Retomo esse passeio inesquecível, pois terminei de
ler A República das Milícias: dos esquadrões da morte à Era Bolsonaro,
de Bruno Paes Manso (Ed. Todavia, 2020), e a Rocinha é o único local que
conheço dessa vasta região de bairros cariocas disputados por bicheiros,
traficantes e milicianos. Locais dominados por “elites
armadas, tirânicas e criminosas”, segundo o autor. Grupos que se constroem como
verdadeiros reinos (semelhantes aos de “Game of Thrones”, compara o autor) que tanto
enfrentam a ordem estatal quanto se misturam com o aparelho do Estado.

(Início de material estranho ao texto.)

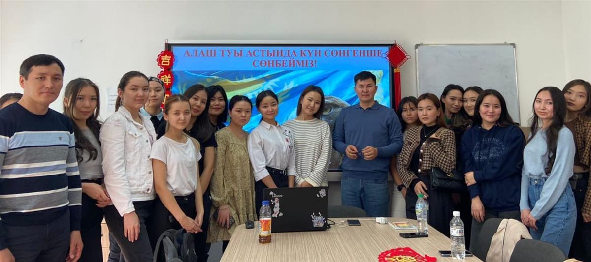 26.10.2022В преддверии праздника «25 октября – День Республики», в целях развития чувства патриотизма и воспитания патриотического духа у студенческой молодежи, 21 октября кафедра китаеведения организовала встречу под названием «Под знаменем Алаша мы не остановимся!».

Bruno Manso é jornalista e seu livro é tanto uma
abordagem jornalística quanto histórica e sociológica dos modelos de crime no
Rio de Janeiro. O modelo já tradicional dos bicheiros, dos traficantes de drogas
(a partir da década de 1980) e das atuais milícias (formadas no início dos anos
2000), todos eles inter-relacionados. Modelos de domínio territorial, de
negócios e de crimes, expressões do empreendedorismo carioca e com
características distintas do crime paulistano. Em São Paulo, por exemplo, o PCC
(um dos campos de estudo do autor) assume a sua “condição marginal” e seus
integrantes se dizem atuar “do lado certo de uma vida errada”. No Rio de
Janeiro, não, os criminosos são mais confiantes. No caso específico das
milícias (lideradas por policiais) eles se sentem “como se representassem o
estilo de vida correto”, como se os seus argumentos tivessem vencido os dos
defensores do Estado de Direito.
Para exemplificar essa certeza e confiança, o autor
cita os diversos casos de milicianos homenageados e condecorados pela
Assembleia do Rio de Janeiro (ALERJ), como ocorreu com o policial Ronnie Lessa
(o assassino de Marielle Franco) e o cap. Adriano da Nóbrega (integrante
do Escritório do Crime). Homenagens que parecem legitimar a prática miliciana aos
olhos de uma população (um grande setor da sociedade brasileira) que não
acredita nem confia em instituições democráticas, Direitos Humanos e Estado de
Direito. Sinais assustadores
(as milícias e sua expressão política) de um tempo que alguns de nós achávamos
impossível de se estabelecer na atual sociedade brasileira.